The pistol bucks back. I don’t even feel it. The powder smoke blows through the trees. Tom bellows behind me, he always gets so damn excited. Galloping footsteps recede in the distance, except there’s only one galloper. The other is on the ground, about 40 yards away, not even kicking.
Doc and Nilgai with “Bobcat” muzzleloading pistol. The pistol is the size of a T/C Contender. Load is 80 grains of Pyrodex P and the White 50/45-435 saboted PowerStar. Velocity is just short of 1000 FPS and energy?- well, enough to kill a big, tough critter with a single shot.
“Load up, load up,” screams Tom, “he’s going to get up on you.” But no, the animal is down for good. Not even a wiggle. I load anyway, using the pre-measured speed loaders in my pocket and get a load down and a cap on in about 20 seconds. I’m shaky and slow. We walk up carefully, circling around to the rear. I’d hate to get a gut full of horn from this critter. He’s big and thick in the forequarters with a stout muscled neck, like a weightlifter. The horns are 9 or 10 inches long and look like a pair of daggers on his head.

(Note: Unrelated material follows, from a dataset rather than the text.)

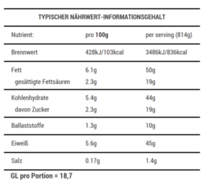 Nährwert: Eiweiß >30g, GL 16-21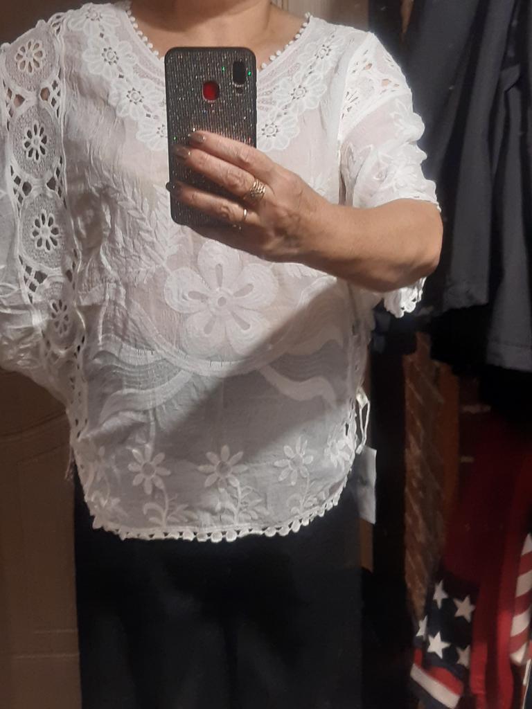 Overall, it's a cool blouse. But there's some discomfort felt in the sleeve area🤔. The photo shows how the 'batwing' sleeve looks in its 'folded state'. Somehow...not very good...It fit a size 52

Tom checks out the killing wound. He wonders out loud how a muzzleloading pistol killed one so easily when big rifles take two or three shots. He comments on the exit wound, right over the heart and about 2 inches big. Shakes his head in wonder. Says he’s going to try a muzzleloader on leopard this next summer, but he’ll take a rifle, not a popgun like mine.
Well popgun or not, the Nilgai is in the record book. Not way up there but at least there. Measured about 9 inches in the horn. Not bad for a popgun. Especially not bad for a muzzleloading popgun.